Yes, you can cancel it, but remember — no submissions -> contest unrated for you

thank you，bro

I should go to sleep before 11:00 tonight so actually this div.2 is the last round before I leave :)

OK thanks for info

Yo Boiz i am sing song... Kaali kaali nain ka pakode kaale shoe leke gaddi kaali kaali teri ghadi wali da bache bache wich hit kudiyo da bradd pitt leke gaadi kaali kaali teri ghadi wali da teri mutt marida tenu pyaar krda....all black

1 hour left i hope it will be easy.

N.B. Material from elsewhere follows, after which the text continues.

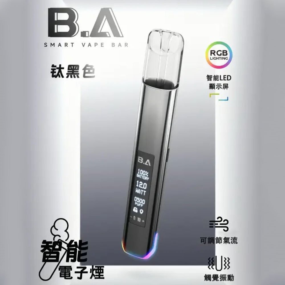 全新B.A一代主機 全新設計LED可調式顯示屏主機,為用戶提供了一款集時尚設計、智能溫控與高效續航於一體的高端Vape主機體驗。B.A一代主機採用高端漆面工藝,呈現獨特的光澤和質感,這款主機不僅時尚大氣,更是能彰顯使用者的高貴品味和獨特個性。

I also hope i increase and u all increase in the rate good luck :D

As a participant, thanks djm03178 for the contest.

In conclusion, good luck to everyone ^_^

Hope to perform good in my

`100th contest :)`

Good luck everyone....Good luck to you

Thanks ^_^ Same to you...

As a newbie, starting my 10 mins wim hof breathing session before the contest starts in 12 min to improve my chances :)

this contest is pretty hard

https://www.scaler.com/event/coding-interviews-dynamic-programming?rcy=1&rce=e068e621bfd5

I think djm03178 has done a typo while writing Div-*2* lol.

Is it Codeforces Round #688 (Div. 1.5)?

Is this a DIV 1.5 round?

I feel that in quest of making unique problems, problem setters are increasing the difficulty of the problem.

this is a very hard contest

I think there was some other comment related pob B. what's going on? why codeforces deleted comment related pob B?

It is against rules to discuss problems before a contest ends. Please, wait for the end of the round.

Dude, I got banned on 2 days and can't participate on next cf round on FenWick because of writing comments "A < C < D < B for me", It's soo stupid. I think it's not prohibited to write ur opinion about level of problem not statement.

Your opinion on the difficulty of problems is information that can affect other participants. Just never talk about problems until the round is over. It's very simple. By the way, I recommend solving problems during the round. Note that the read-only mode does not limit participation in the rounds.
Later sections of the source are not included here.